= Limmu Sakka =

District of the Oromia Region of Ethiopia

Limmu Sakka is one of the woredas in the Oromia Region of Ethiopia. It is named in part after the former kingdom of Limmu-Ennarea, whose territories included the area this woreda now covers. Part of the Jimma Zone, Limmu Sakka is bordered on the southwest by the Didessa River which separates it from the Illubabor Zone, on the northwest by the Misraq Welega Zone, on the northeast by the Gibe River which separates it from the Mirab Shewa Zone, and on the southeast by Limmu Kosa. The administrative center of the woreda is Atnago; other towns include Saqqa, the capital of the former kingdom of Limmu-Ennarea.

== Overview ==
Dora Gabena, Chalte and Ato Kelala are amongst the highest points in this woreda. A survey of the land in Limmu Sakka shows that 57.3% is arable or cultivable (7.7% was under annual crops), 22.8% pasture, 4.9% forest, and the remaining 15% is considered swampy, degraded or otherwise unusable. Teff, oranges and bananas are important cash crops. Coffee is also an important cash crop for this woreda; over 5,000 hectares are planted with this crop.

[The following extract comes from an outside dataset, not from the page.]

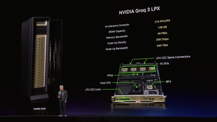 存储与推理方面,推出全新的BlueField-4 STX机架搭配DOCA Memos框架,可高效处理海量KV缓存数据,大幅降耗的同时将推理吞吐量提升5倍;Groq 3 LPX推理加速机架含256个LPU处理器,与平台结合后每兆瓦推理吞吐量最高提升35倍。

Industry in the woreda includes 61 grain mills, one coffee pulping and one coffee hulling mill. There were 42 Farmers Associations with 24,540 members and 10 Farmers Service Cooperatives with 8691 members. Limmu Sakka has 42 kilometers of dry-weather and 64 all-weather road, for an average of road density of 43.9 kilometers per 1000 square kilometers. About 54.6% of the urban and 10.9% of the rural population have access to drinking water.

== History ==
The Zonal Food Security and Disaster Prevention Office reported in December, 2006 that 3,466 farmer households with 15,000 members who were part of the resettlement program in Limmu Sakka and Chora Botor woredas have achieved food self-sufficiency within a short time. These settlers came from the Arsi, Bale, Mirab and Misraq Hararghe Zones.

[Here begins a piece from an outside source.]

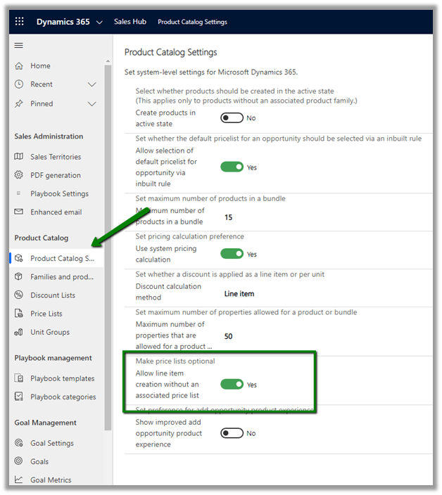 Go to Product Catalog Settings and set Price list optional and click on Apply as below.

In June 2009, woreda officials announced that two health stations and 14 health posts various health facilities, built at a cost of over 11 million Birr, were ready for service. These would some 35 health posts and five health stations currently in operation.

== Demographics ==
The 2007 national census reported a total population for this woreda of 189,463, of whom 95,869 were men and 93,594 were women; 5,185 or 2.74% of its population were urban dwellers. The majority of the inhabitants were Moslem, with 62.13% of the population reporting they observed this belief, while 19.27% of the population said they practised Ethiopian Orthodox Christianity, and 17.87% were Protestant.

Based on figures published by the Central Statistical Agency in 2005, this woreda has an estimated total population of 169,559, of whom 86,713 are men and 82,846 are women; 6,082 or 3.59% of its population are urban dwellers, which is less than the Zone average of 12.3%. With an estimated area of 2,416.10 square kilometers, Limmu Sakka has an estimated population density of 70.2 people per square kilometer, which is less than the Zone average of 150.6.

The 1994 national census reported a total population for this woreda of 122,370, of whom 60,099 were men and 62,271 women; 3,400 or 2.78% of its population were urban dwellers at the time. The two largest ethnic groups reported in Limmu Sakka were the Oromo (95.19%), and the Amhara (3.4%); all other ethnic groups made up 1.41% of the population. Oromiffa was spoken as a first language by 96.68% of the population, and 2.83% spoke Amharic; the remaining 0.49% spoke all other primary languages reported. The majority of the inhabitants were Muslim, with 57.7% of the population having reported they practiced that belief, while 32.44% of the population said they professed Ethiopian Orthodox Christianity, and 9.72% were Protestant.